The task: Beginning with the opening line of the entries, return every line through the one containing "In the case", both included, and nothing else. Omit pictures.
════════
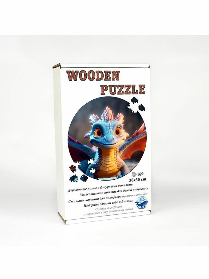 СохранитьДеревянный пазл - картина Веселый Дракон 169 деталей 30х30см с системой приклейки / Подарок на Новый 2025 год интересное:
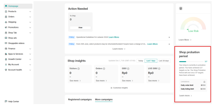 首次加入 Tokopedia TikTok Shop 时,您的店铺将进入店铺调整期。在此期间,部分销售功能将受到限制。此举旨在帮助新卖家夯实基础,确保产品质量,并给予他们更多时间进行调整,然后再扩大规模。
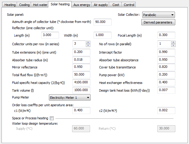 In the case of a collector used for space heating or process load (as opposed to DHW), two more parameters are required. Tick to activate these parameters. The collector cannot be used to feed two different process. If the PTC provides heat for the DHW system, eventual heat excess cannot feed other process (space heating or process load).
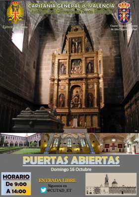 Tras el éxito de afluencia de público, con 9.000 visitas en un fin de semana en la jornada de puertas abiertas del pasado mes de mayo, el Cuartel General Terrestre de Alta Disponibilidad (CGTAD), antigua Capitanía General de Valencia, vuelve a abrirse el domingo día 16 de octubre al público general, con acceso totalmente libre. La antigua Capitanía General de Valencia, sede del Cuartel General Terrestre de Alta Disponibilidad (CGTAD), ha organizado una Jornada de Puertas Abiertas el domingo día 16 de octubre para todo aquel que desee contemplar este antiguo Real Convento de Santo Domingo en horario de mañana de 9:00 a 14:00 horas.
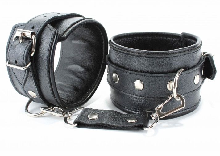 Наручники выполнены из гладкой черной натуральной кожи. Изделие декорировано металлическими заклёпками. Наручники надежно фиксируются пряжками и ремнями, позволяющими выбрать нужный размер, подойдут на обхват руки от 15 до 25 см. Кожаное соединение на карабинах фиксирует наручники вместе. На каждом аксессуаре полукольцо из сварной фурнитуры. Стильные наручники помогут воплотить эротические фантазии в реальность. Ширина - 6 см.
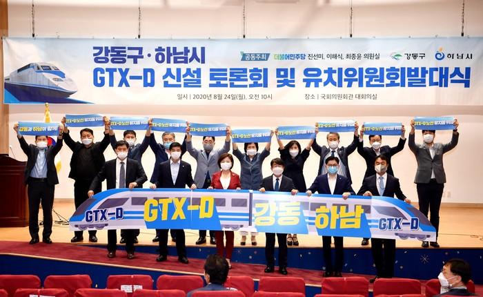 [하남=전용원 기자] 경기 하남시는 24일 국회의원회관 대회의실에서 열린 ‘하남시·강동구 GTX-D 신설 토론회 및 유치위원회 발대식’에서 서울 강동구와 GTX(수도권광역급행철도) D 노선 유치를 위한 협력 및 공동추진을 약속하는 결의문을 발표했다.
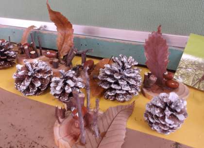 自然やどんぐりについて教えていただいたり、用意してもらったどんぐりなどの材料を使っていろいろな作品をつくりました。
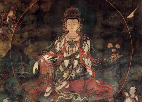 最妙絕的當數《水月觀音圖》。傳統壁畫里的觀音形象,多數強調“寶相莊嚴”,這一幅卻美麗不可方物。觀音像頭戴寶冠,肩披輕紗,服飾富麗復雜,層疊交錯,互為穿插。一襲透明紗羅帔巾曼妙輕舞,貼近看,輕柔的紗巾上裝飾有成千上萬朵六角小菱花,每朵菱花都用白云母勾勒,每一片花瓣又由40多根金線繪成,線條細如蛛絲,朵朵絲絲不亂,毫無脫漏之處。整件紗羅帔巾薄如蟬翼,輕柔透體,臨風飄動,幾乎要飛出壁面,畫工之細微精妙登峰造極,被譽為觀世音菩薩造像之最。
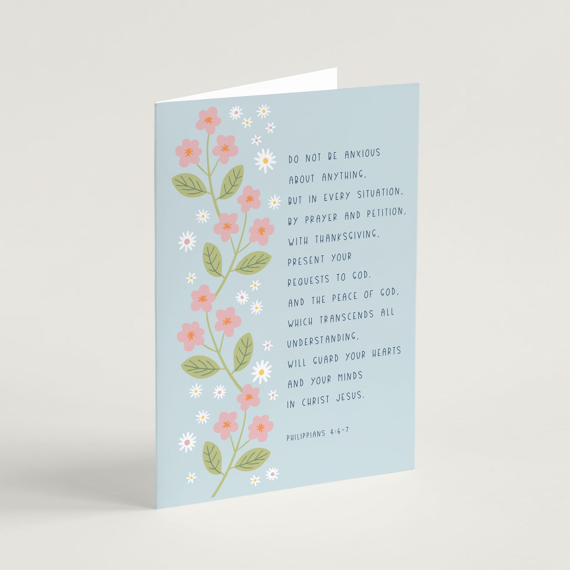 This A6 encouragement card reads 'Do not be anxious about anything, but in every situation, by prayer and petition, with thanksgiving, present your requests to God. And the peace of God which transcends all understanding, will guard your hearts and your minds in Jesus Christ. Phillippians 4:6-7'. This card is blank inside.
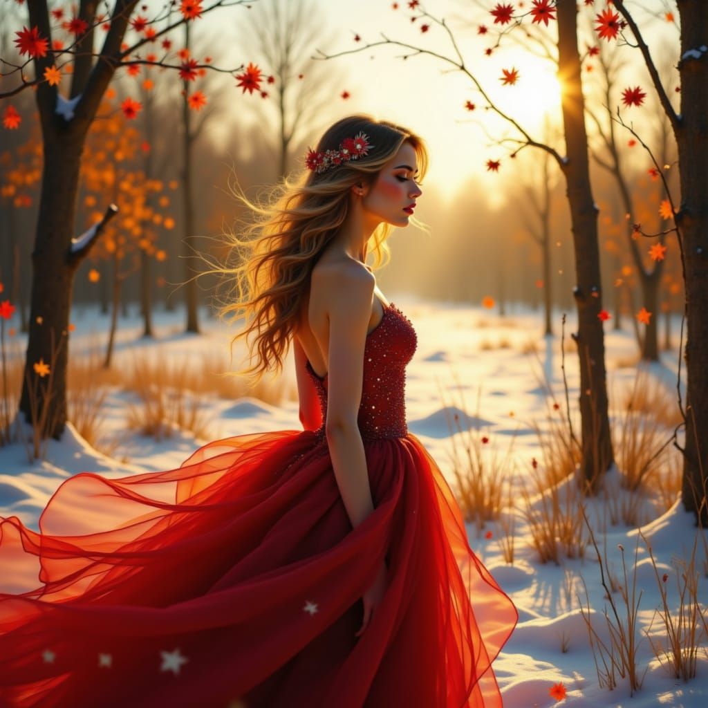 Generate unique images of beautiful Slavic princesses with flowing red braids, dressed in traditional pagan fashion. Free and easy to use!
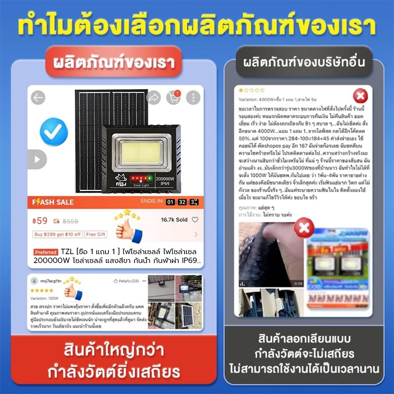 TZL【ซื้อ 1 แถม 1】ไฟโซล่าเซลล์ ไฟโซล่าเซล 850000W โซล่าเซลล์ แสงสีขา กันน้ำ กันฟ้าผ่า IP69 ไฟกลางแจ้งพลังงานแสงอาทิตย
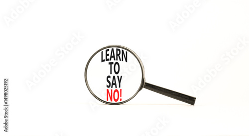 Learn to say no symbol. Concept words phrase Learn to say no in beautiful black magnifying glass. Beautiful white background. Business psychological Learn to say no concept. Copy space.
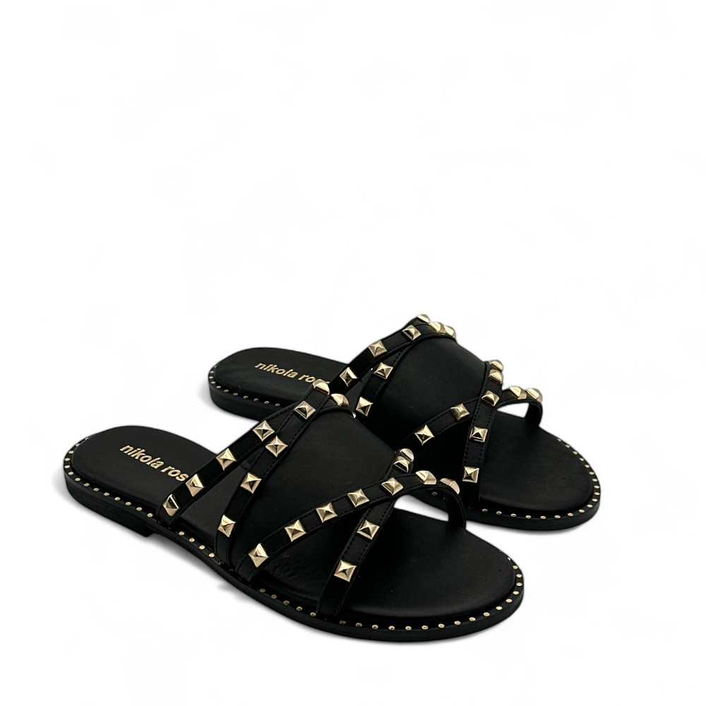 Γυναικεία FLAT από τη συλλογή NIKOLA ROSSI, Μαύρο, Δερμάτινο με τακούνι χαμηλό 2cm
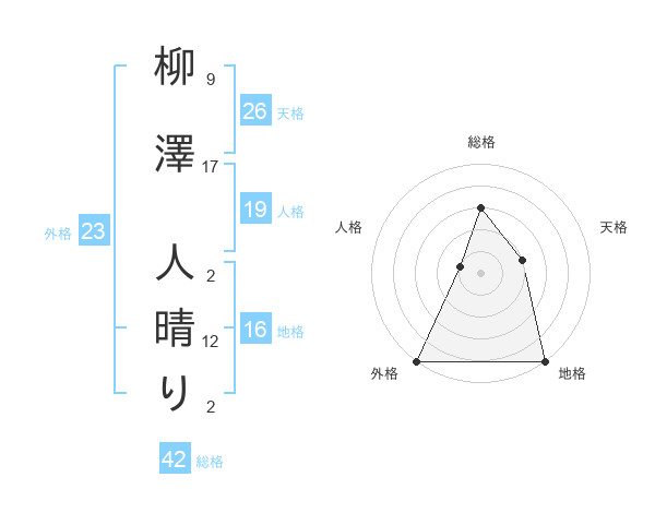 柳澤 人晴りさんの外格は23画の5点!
════════
Response to the task:
 СохранитьДеревянный пазл - картина Веселый Дракон 169 деталей 30х30см с системой приклейки / Подарок на Новый 2025 год интересное:
 首次加入 Tokopedia TikTok Shop 时,您的店铺将进入店铺调整期。在此期间,部分销售功能将受到限制。此举旨在帮助新卖家夯实基础,确保产品质量,并给予他们更多时间进行调整,然后再扩大规模。
 In the case of a collector used for space heating or process load (as opposed to DHW), two more parameters are required. Tick to activate these parameters. The collector cannot be used to feed two different process. If the PTC provides heat for the DHW system, eventual heat excess cannot feed other process (space heating or process load).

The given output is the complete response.